### The task
Copy the lines below exactly, starting at the one with "渺清影 新中式复古中國風 提花拼纱修身气质洋裝" and ending at the one with "Neutral-toned velvet ribbons", and leave out any picture.

### Data records
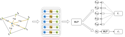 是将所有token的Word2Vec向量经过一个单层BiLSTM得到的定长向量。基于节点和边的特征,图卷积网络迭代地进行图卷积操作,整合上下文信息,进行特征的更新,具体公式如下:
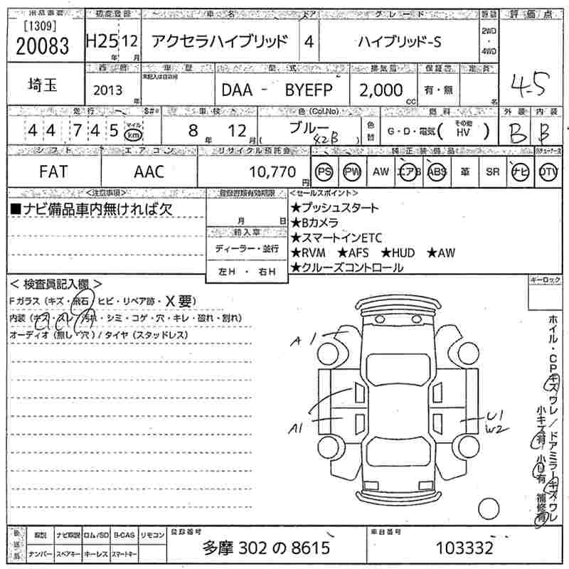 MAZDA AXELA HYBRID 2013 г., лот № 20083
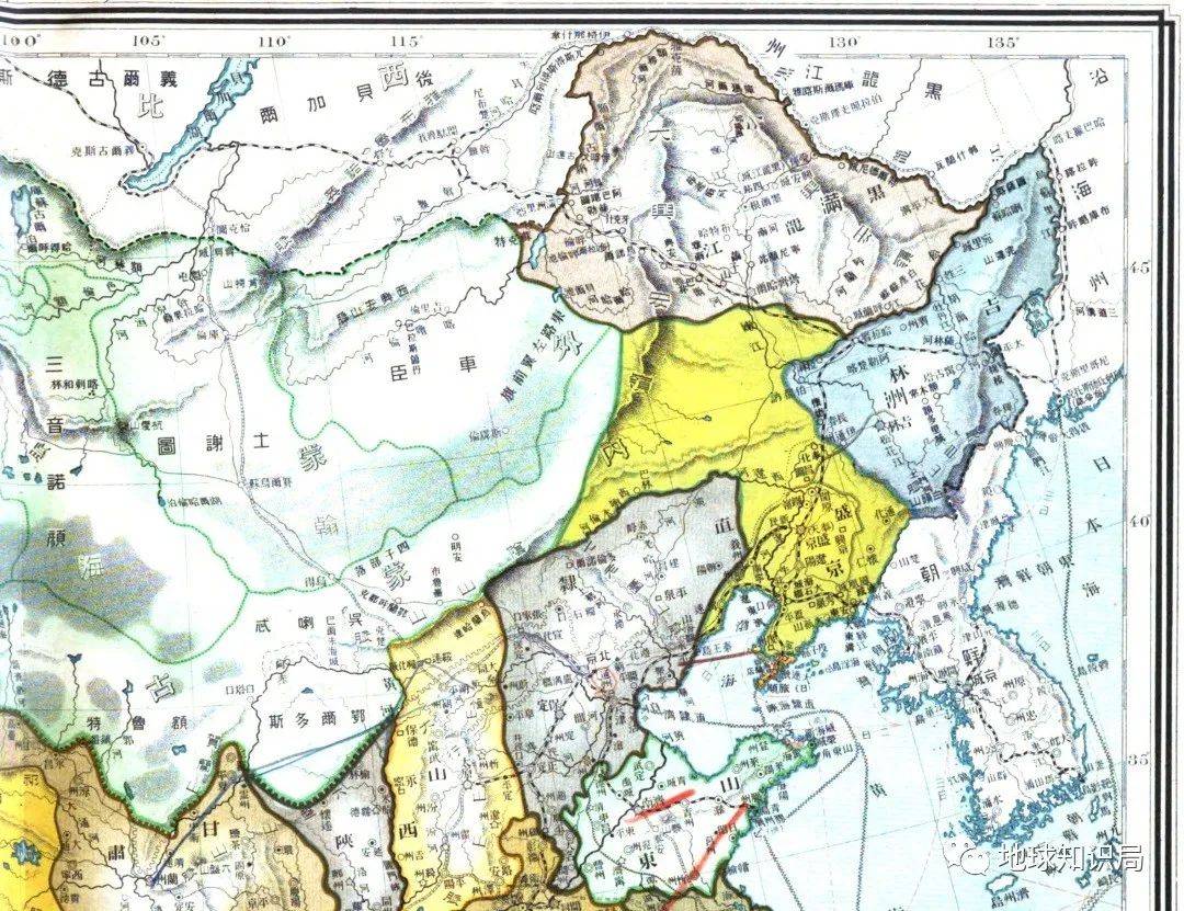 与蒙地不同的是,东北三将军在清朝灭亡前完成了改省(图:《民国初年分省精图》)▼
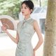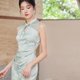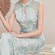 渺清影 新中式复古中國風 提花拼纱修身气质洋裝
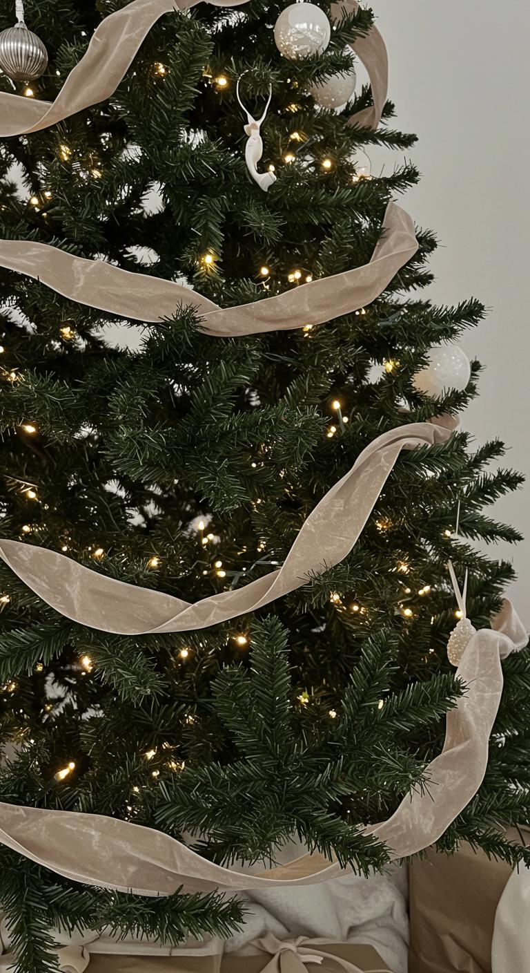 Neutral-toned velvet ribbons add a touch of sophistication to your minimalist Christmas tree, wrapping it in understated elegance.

...

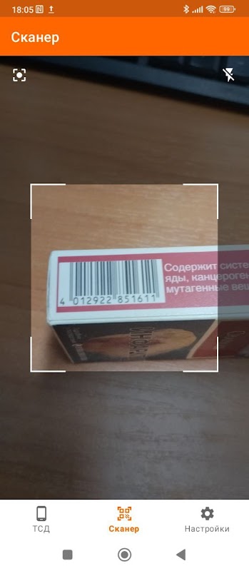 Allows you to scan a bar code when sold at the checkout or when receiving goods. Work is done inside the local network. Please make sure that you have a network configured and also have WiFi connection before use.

---

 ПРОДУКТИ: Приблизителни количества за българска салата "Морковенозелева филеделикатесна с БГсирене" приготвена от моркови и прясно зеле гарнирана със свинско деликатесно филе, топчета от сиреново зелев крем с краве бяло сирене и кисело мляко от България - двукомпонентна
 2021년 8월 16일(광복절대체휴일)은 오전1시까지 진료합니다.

### Task result
 渺清影 新中式复古中國風 提花拼纱修身气质洋裝
 Neutral-toned velvet ribbons add a touch of sophistication to your minimalist Christmas tree, wrapping it in understated elegance.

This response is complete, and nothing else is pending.